= Beginning of Section =
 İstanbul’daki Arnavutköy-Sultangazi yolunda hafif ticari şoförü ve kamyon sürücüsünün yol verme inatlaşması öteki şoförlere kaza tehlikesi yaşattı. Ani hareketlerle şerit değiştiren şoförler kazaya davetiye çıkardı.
= End of Section =
= Beginning of Section =
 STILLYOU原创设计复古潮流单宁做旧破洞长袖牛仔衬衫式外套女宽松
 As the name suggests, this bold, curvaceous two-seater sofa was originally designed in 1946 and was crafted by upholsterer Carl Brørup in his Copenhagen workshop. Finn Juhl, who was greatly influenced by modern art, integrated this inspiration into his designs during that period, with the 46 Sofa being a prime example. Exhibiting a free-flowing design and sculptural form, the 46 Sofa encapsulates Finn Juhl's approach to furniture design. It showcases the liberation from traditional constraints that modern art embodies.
= End of Section =
= Beginning of Section =
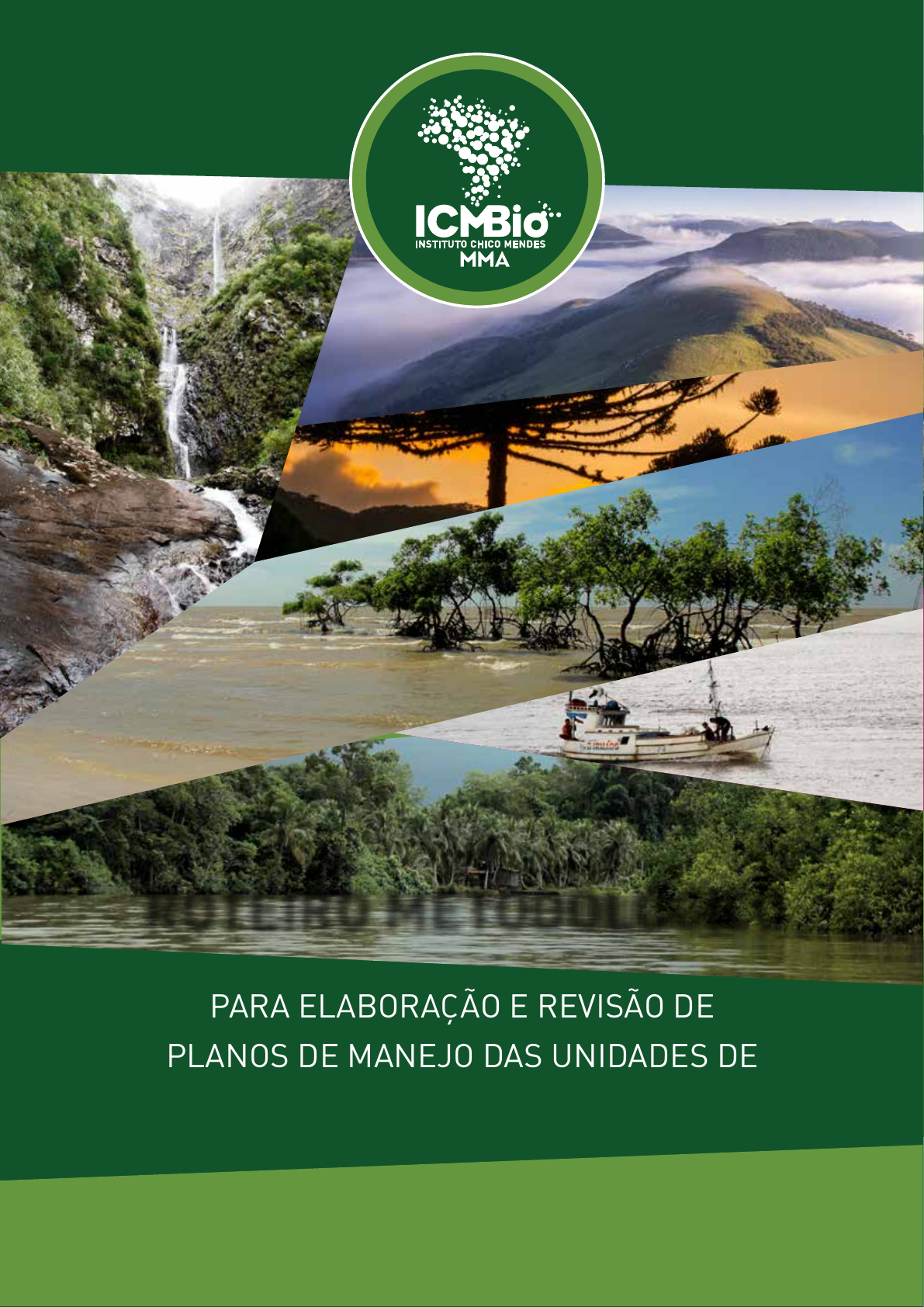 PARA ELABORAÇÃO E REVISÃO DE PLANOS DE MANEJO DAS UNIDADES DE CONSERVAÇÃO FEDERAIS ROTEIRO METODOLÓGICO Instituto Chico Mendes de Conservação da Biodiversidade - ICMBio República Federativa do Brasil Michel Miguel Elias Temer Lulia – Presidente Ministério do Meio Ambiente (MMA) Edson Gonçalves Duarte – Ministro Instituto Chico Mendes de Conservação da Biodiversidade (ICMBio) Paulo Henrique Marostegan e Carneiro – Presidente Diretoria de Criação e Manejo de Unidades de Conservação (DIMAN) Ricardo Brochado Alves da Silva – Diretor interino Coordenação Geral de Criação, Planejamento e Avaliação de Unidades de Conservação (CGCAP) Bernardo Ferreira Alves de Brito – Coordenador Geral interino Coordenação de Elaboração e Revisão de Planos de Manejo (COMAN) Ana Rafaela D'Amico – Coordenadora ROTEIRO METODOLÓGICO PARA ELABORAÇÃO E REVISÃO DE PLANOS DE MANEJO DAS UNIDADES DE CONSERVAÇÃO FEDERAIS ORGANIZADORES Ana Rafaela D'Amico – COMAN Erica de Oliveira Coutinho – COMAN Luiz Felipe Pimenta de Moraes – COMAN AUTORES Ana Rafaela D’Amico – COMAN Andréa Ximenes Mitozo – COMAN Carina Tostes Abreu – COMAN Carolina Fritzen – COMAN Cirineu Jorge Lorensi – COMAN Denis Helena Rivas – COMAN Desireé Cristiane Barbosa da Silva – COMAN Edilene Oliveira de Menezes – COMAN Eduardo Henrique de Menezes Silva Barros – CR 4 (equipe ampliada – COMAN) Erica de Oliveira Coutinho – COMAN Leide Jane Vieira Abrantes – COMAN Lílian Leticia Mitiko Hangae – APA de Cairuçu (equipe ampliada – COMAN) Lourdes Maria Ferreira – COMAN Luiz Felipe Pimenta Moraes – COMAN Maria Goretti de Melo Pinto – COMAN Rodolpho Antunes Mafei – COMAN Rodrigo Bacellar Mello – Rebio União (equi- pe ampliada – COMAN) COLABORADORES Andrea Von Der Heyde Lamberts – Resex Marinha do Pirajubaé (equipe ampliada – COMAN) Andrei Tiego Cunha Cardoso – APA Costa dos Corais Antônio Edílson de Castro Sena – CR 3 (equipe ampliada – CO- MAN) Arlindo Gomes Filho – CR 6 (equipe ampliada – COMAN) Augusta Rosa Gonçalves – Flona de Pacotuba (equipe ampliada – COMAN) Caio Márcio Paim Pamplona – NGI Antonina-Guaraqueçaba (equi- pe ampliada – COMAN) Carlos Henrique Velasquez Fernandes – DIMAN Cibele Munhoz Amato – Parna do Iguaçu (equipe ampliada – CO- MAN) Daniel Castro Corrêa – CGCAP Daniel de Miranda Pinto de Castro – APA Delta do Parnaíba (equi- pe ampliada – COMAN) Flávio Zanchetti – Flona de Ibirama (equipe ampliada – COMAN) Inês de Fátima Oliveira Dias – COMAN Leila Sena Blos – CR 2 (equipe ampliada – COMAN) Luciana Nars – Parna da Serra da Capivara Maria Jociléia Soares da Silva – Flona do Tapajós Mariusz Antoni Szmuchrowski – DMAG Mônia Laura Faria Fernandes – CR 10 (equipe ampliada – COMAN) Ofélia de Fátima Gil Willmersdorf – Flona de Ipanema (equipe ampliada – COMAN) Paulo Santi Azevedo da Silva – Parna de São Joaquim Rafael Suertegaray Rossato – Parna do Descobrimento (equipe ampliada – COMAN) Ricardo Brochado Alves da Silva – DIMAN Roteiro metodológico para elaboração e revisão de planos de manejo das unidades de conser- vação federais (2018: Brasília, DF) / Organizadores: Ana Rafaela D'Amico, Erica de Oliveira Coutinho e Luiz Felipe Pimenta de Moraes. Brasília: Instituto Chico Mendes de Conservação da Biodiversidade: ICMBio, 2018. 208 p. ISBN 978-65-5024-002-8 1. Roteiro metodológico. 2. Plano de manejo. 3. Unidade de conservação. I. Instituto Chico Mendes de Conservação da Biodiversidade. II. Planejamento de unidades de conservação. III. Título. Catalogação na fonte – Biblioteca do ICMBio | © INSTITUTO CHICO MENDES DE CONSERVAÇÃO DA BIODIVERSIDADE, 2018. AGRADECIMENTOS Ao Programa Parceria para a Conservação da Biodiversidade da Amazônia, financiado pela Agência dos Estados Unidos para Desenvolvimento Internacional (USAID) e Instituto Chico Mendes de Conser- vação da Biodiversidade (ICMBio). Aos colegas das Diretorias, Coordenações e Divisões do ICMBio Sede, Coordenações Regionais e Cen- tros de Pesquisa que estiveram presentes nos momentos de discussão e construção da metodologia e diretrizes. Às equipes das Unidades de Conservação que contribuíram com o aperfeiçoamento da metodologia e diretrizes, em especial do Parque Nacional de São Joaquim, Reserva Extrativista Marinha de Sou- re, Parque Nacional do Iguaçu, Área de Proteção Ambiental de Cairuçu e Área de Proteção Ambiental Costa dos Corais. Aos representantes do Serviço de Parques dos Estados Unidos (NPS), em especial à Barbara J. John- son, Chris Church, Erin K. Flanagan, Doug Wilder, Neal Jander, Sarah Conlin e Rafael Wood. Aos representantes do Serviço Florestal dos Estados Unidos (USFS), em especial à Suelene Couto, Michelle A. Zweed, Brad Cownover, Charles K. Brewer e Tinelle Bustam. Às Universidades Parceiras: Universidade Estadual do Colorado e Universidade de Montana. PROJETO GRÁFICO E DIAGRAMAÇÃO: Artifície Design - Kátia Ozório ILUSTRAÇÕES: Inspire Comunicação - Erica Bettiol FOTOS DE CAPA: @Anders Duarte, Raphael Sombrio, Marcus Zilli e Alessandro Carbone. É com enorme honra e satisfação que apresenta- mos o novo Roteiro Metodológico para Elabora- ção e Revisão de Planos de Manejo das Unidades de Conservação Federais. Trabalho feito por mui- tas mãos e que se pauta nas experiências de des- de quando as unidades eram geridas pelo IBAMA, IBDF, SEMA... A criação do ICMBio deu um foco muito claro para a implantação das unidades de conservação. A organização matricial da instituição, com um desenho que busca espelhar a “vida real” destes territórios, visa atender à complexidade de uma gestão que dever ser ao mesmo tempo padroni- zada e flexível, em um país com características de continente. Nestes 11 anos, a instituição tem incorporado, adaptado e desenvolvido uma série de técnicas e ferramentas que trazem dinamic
= End of Section =
- _EXERCISE DESCRIPTION_
In the material above, locate the line containing "STILLYOU原创设计复古潮流单宁做旧破洞长袖牛仔衬衫式外套女宽松" and the line containing "As the name". Transcribe exactly those two lines and every line between them, and nothing more.

- _ANSWER SPACE_
 STILLYOU原创设计复古潮流单宁做旧破洞长袖牛仔衬衫式外套女宽松
 As the name suggests, this bold, curvaceous two-seater sofa was originally designed in 1946 and was crafted by upholsterer Carl Brørup in his Copenhagen workshop. Finn Juhl, who was greatly influenced by modern art, integrated this inspiration into his designs during that period, with the 46 Sofa being a prime example. Exhibiting a free-flowing design and sculptural form, the 46 Sofa encapsulates Finn Juhl's approach to furniture design. It showcases the liberation from traditional constraints that modern art embodies.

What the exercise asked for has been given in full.